Data section:
"""

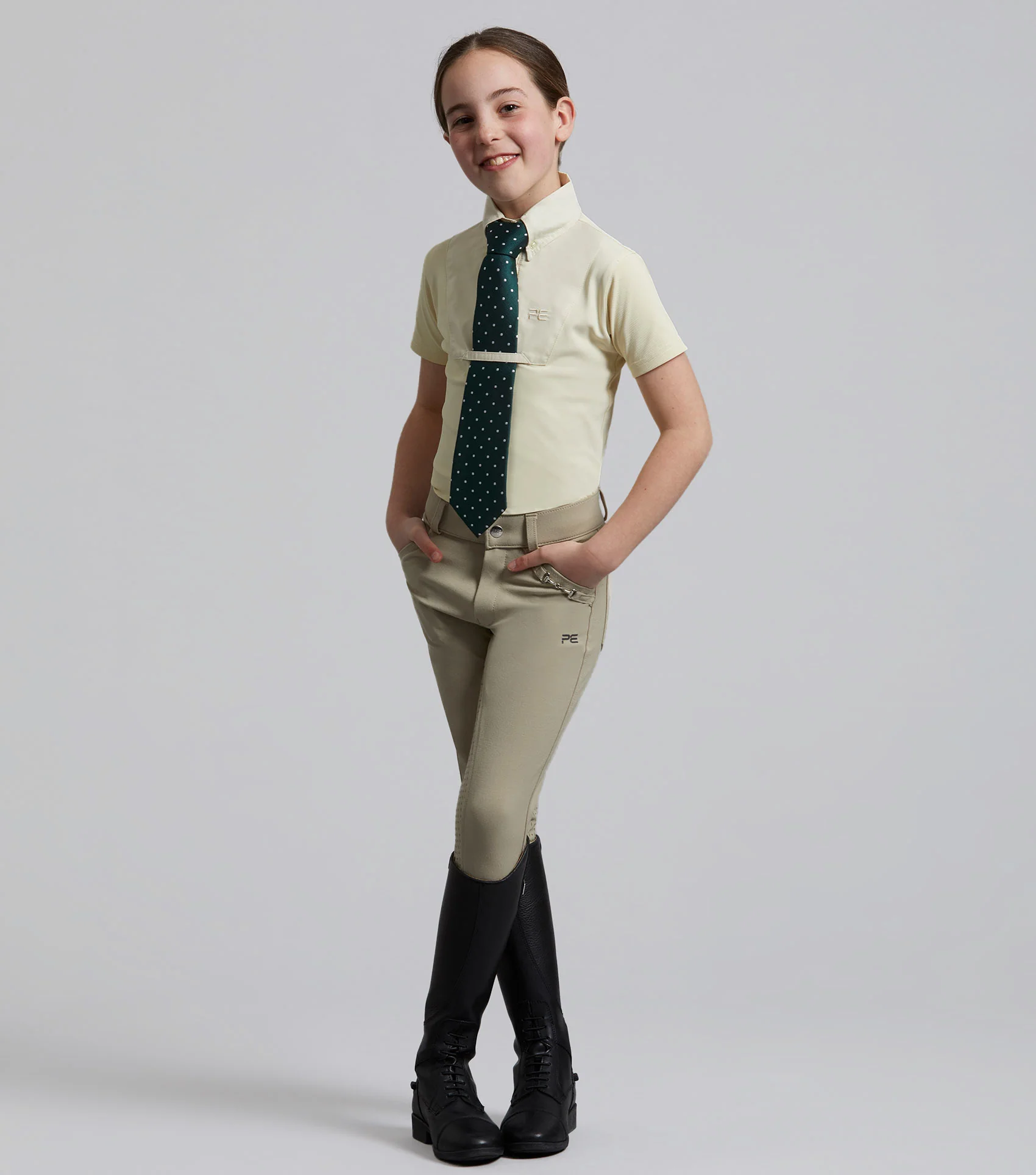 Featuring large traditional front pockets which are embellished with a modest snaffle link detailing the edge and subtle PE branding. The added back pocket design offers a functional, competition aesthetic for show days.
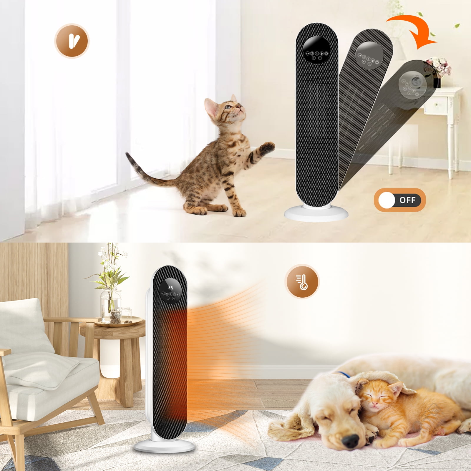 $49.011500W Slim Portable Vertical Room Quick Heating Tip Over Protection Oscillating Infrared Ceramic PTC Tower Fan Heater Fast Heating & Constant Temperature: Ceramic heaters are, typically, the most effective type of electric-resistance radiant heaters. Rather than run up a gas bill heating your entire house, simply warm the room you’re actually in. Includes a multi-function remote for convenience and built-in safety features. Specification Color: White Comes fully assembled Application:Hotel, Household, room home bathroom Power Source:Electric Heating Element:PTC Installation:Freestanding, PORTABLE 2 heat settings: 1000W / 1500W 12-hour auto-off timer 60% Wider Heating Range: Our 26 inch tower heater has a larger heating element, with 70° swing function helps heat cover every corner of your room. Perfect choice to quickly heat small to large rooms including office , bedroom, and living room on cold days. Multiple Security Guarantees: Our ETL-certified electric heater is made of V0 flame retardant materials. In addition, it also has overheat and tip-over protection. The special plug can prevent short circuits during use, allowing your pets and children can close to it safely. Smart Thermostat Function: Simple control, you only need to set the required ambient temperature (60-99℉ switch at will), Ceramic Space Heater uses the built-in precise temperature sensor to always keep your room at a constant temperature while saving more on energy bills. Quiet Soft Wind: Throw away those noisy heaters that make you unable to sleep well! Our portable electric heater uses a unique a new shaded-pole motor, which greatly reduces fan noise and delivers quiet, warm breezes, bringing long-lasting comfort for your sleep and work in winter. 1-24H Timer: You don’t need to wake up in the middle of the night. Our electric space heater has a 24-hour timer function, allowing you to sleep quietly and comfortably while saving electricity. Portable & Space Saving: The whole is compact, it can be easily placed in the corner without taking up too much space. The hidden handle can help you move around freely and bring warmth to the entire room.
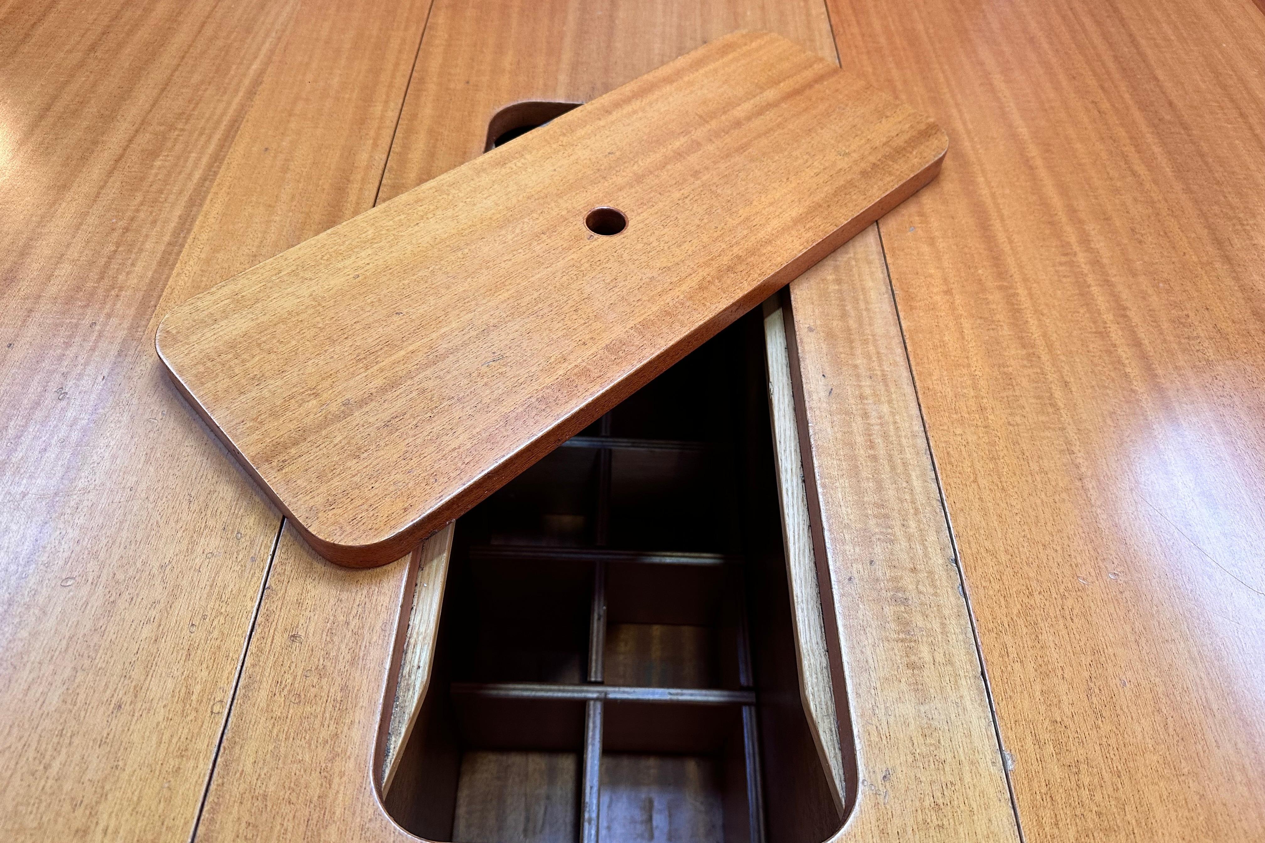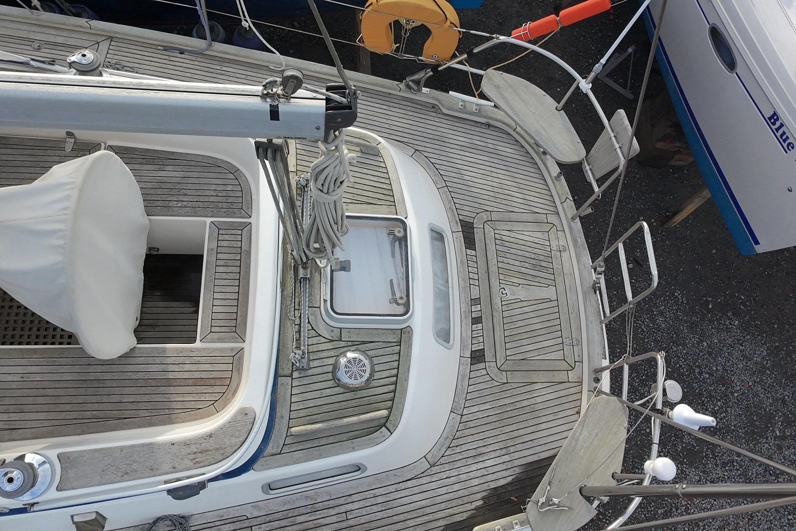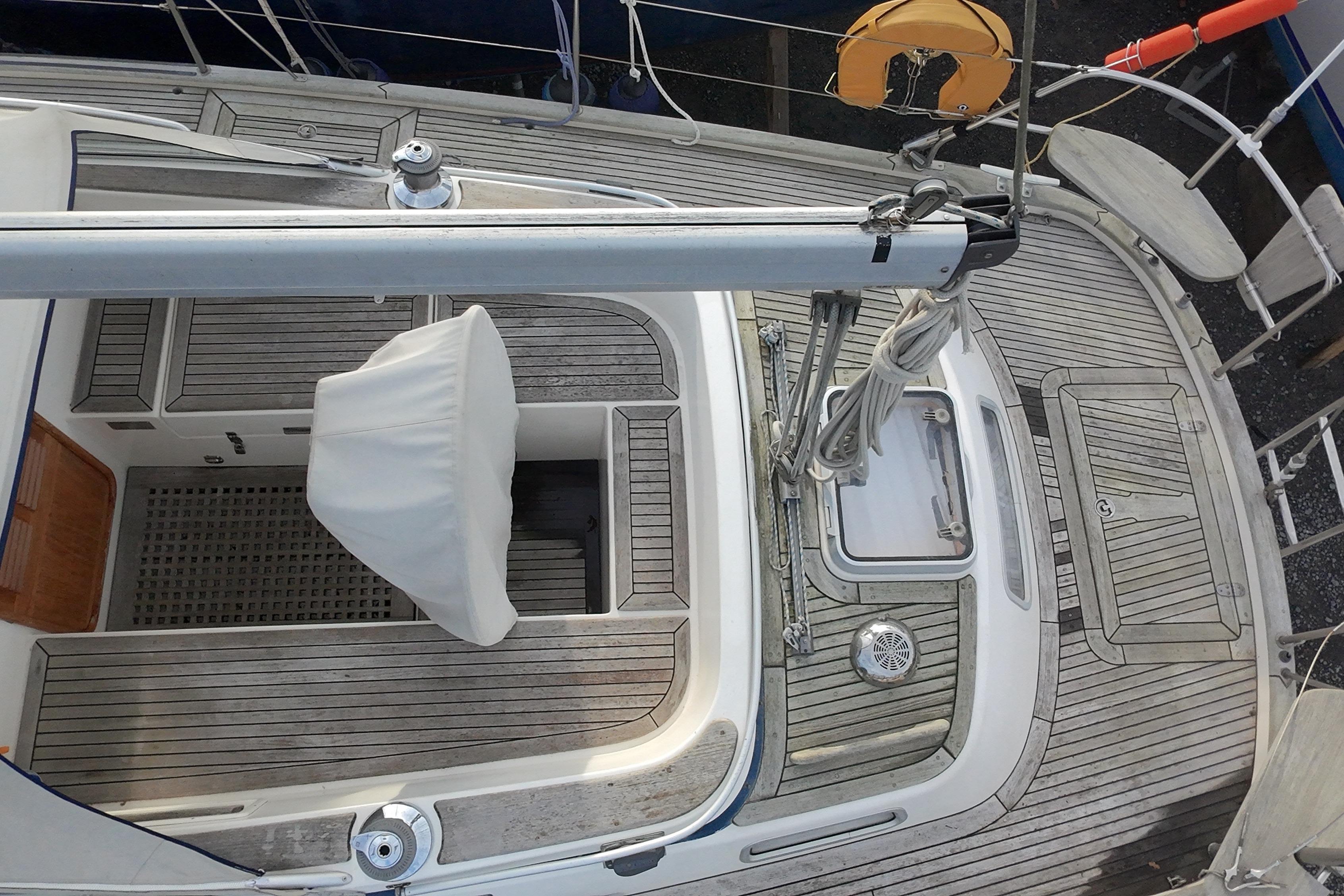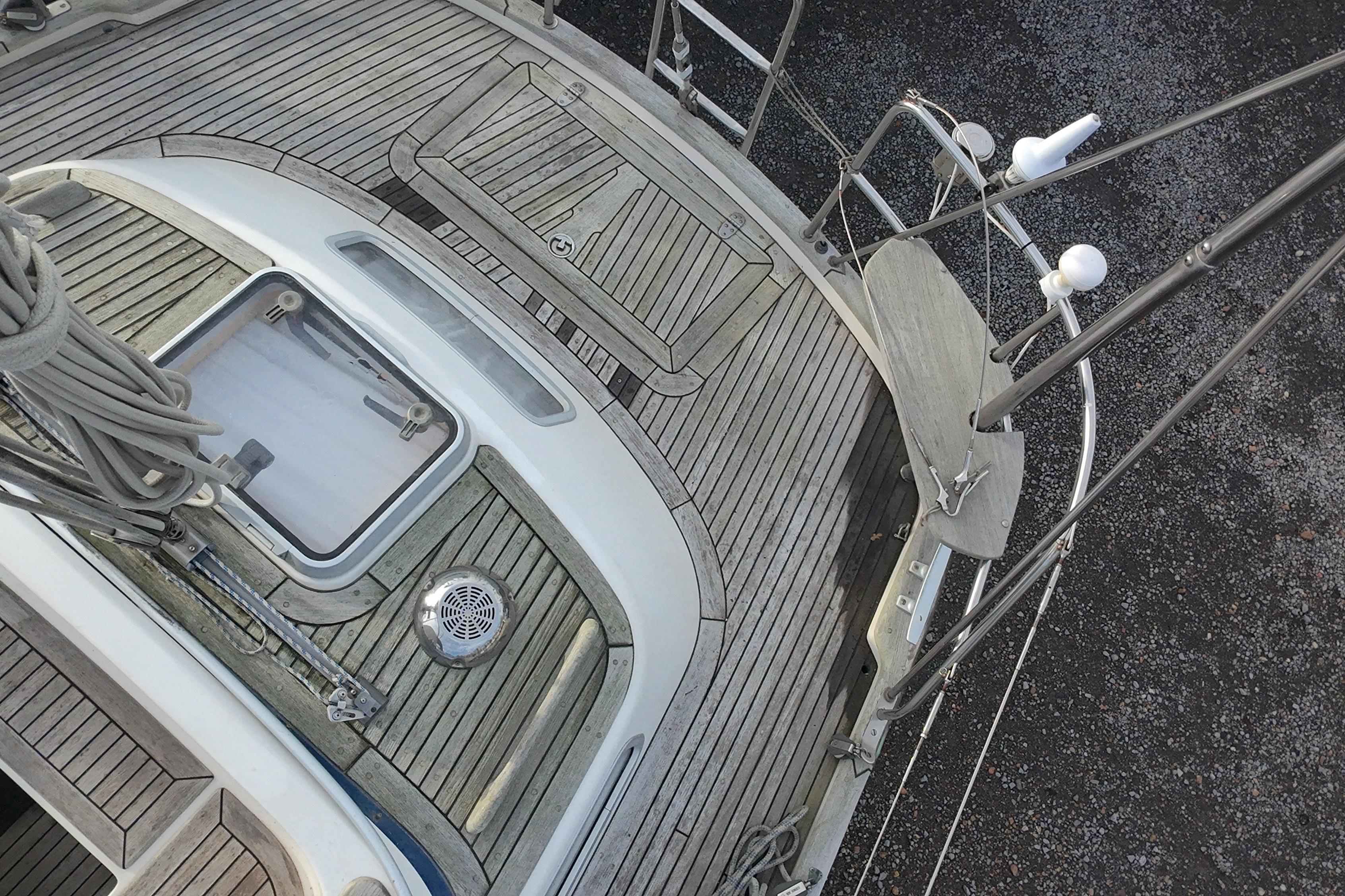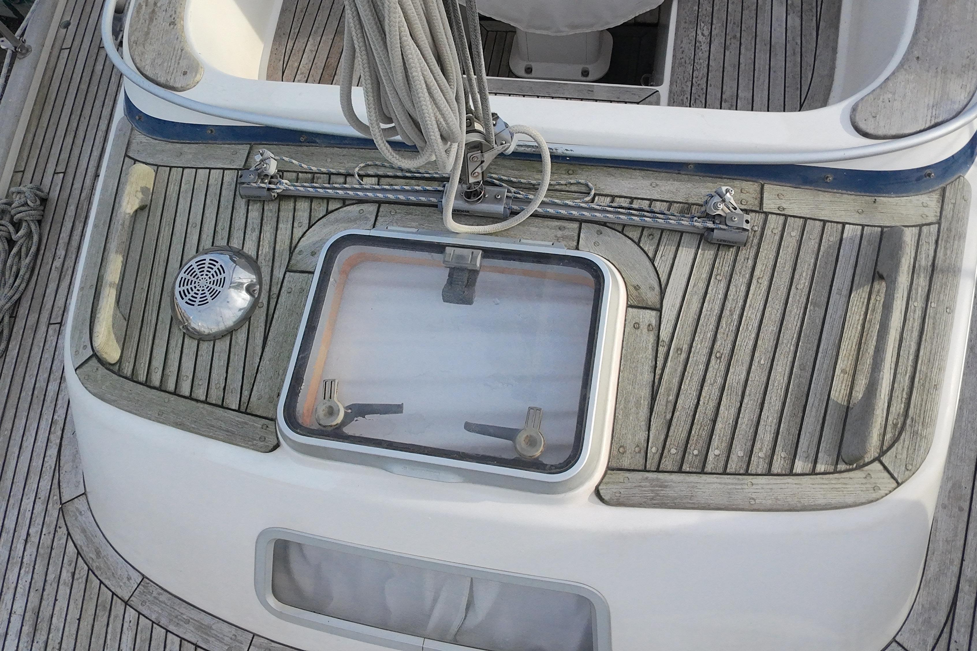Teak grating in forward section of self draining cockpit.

"""

Assigned task:
Where a picture appears in the material above, skip it, and print the rest exactly.

Exercise solution:
 Featuring large traditional front pockets which are embellished with a modest snaffle link detailing the edge and subtle PE branding. The added back pocket design offers a functional, competition aesthetic for show days.
 $49.011500W Slim Portable Vertical Room Quick Heating Tip Over Protection Oscillating Infrared Ceramic PTC Tower Fan Heater Fast Heating & Constant Temperature: Ceramic heaters are, typically, the most effective type of electric-resistance radiant heaters. Rather than run up a gas bill heating your entire house, simply warm the room you’re actually in. Includes a multi-function remote for convenience and built-in safety features. Specification Color: White Comes fully assembled Application:Hotel, Household, room home bathroom Power Source:Electric Heating Element:PTC Installation:Freestanding, PORTABLE 2 heat settings: 1000W / 1500W 12-hour auto-off timer 60% Wider Heating Range: Our 26 inch tower heater has a larger heating element, with 70° swing function helps heat cover every corner of your room. Perfect choice to quickly heat small to large rooms including office , bedroom, and living room on cold days. Multiple Security Guarantees: Our ETL-certified electric heater is made of V0 flame retardant materials. In addition, it also has overheat and tip-over protection. The special plug can prevent short circuits during use, allowing your pets and children can close to it safely. Smart Thermostat Function: Simple control, you only need to set the required ambient temperature (60-99℉ switch at will), Ceramic Space Heater uses the built-in precise temperature sensor to always keep your room at a constant temperature while saving more on energy bills. Quiet Soft Wind: Throw away those noisy heaters that make you unable to sleep well! Our portable electric heater uses a unique a new shaded-pole motor, which greatly reduces fan noise and delivers quiet, warm breezes, bringing long-lasting comfort for your sleep and work in winter. 1-24H Timer: You don’t need to wake up in the middle of the night. Our electric space heater has a 24-hour timer function, allowing you to sleep quietly and comfortably while saving electricity. Portable & Space Saving: The whole is compact, it can be easily placed in the corner without taking up too much space. The hidden handle can help you move around freely and bring warmth to the entire room.
Teak grating in forward section of self draining cockpit.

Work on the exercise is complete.